-
Notifications
You must be signed in to change notification settings - Fork 1.2k
Description
| SEP Number | #1561 |
|---|---|
| Title | Addition of unsafeOutputHint Tool Annotation |
| Author | Xiang Yan |
| Status | Proposal |
| Created | 2025-09-28 |
| Specification | MCP 2025-06-18 |
Abstract
This SEP proposes the addition of a new unsafeOutputHint annotation to the Model Context Protocol (MCP) specification. This hint indicates whether the output of a tool is considered safe for direct injection into a model’s prompt. To preserve backward compatibility with existing tools and clients, the default value of this hint will be false.
Summary
The unsafeOutputHint allows tool authors to explicitly communicate whether their tool’s return values can be safely passed into a model context without risk of including untrusted or uncontrolled data.
This differs from:
trustedHint (which marks the tool itself as safe to call) (SEP #1487), and
secretHint (which marks tool output as potentially sensitive) (SEP #1560).

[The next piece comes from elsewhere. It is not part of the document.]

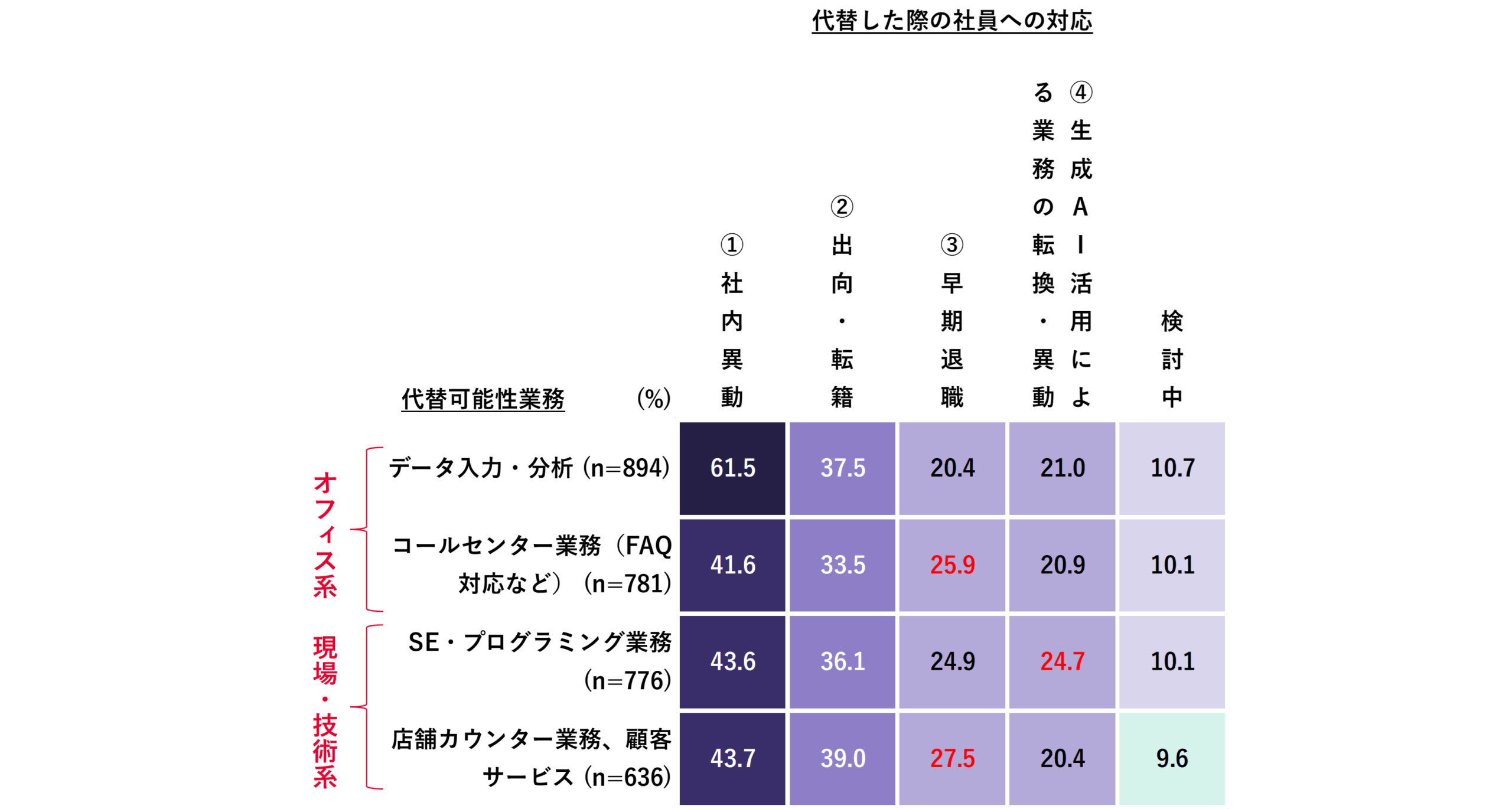 現時点での、日本企業における代替後の対応策としては、早期退職よりも社内の再配置や配置転換で吸収しようとする方針が強いですが、受け皿は十分ではありません。今後は、④の生成AI関連の新業務の拡大と、その新しい受け皿への転換への期待が高いと推定されます。

Instead, unsafeOutputHint answers: “Can this output be safely injected into a model’s prompt?”
Motivation
Currently, MCP has no way to signal whether tool output is safe for direct use as model input. Without this annotation:
Clients may assume all outputs are safe to inject, even when they include uncontrolled or user-supplied content (e.g., database query results, scraped web data).

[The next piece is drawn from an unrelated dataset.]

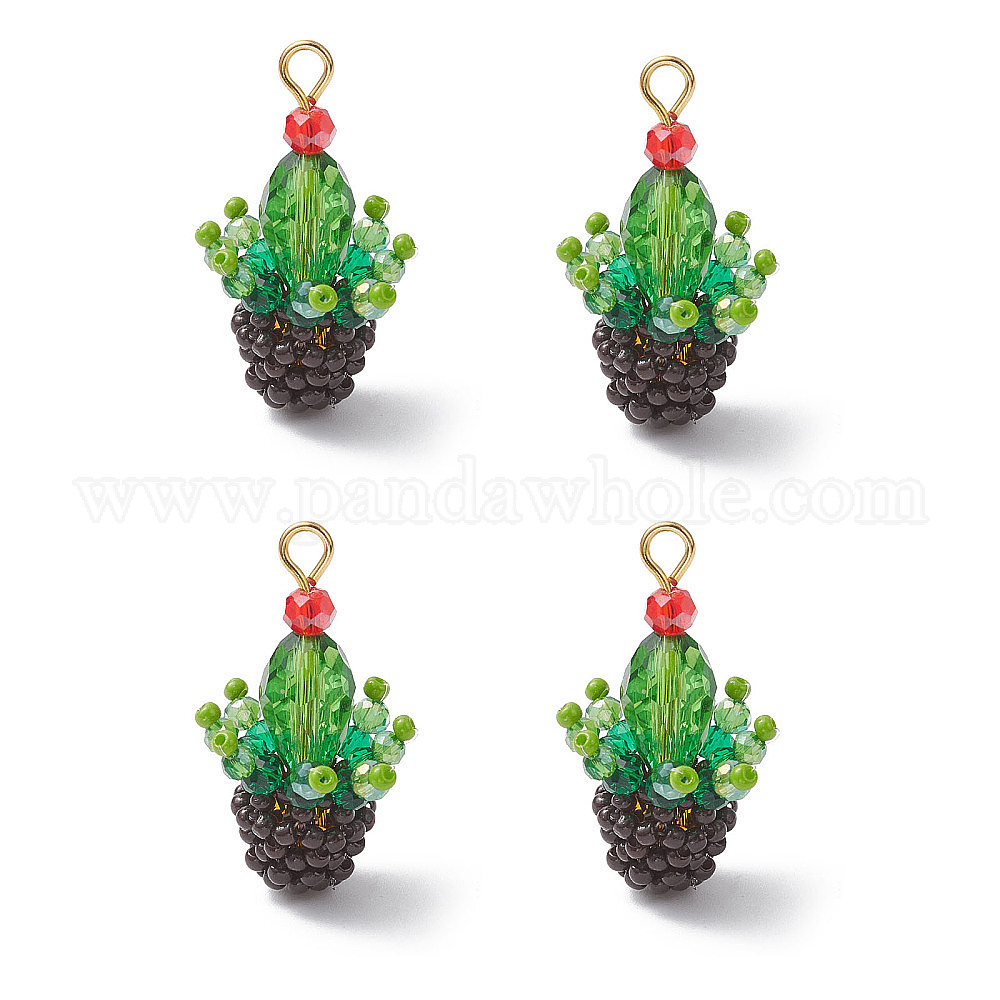 • Зеленый Подвески в виде кактусов из стеклянных бус, с железными петлями и стеклом, золотые, зелёные, 30.5x17.5x16.5 мм, отверстие : 3 мм

Tools that produce deterministic or internally generated outputs cannot clearly indicate that their data is inherently safe.
Developers and users lack a standard, protocol-level signal to guide safe prompt construction.
By introducing unsafeOutputHint, MCP enables explicit differentiation between clean, controlled outputs and potentially unsafe ones.
Proposal
Extend the ToolAnnotations interface with a new optional field:
interface ToolAnnotations {
destructiveHint?: boolean
idempotentHint?: boolean
openWorldHint?: boolean
readOnlyHint?: boolean
title?: string
trustedHint?: boolean //SEP: 1487
secretHint?: boolean //SEP: 1560
unsafeOutputHint?: boolean // NEW: Indicates whether tool output can be safely injected into model context
}Default: unsafeOutputHint = false.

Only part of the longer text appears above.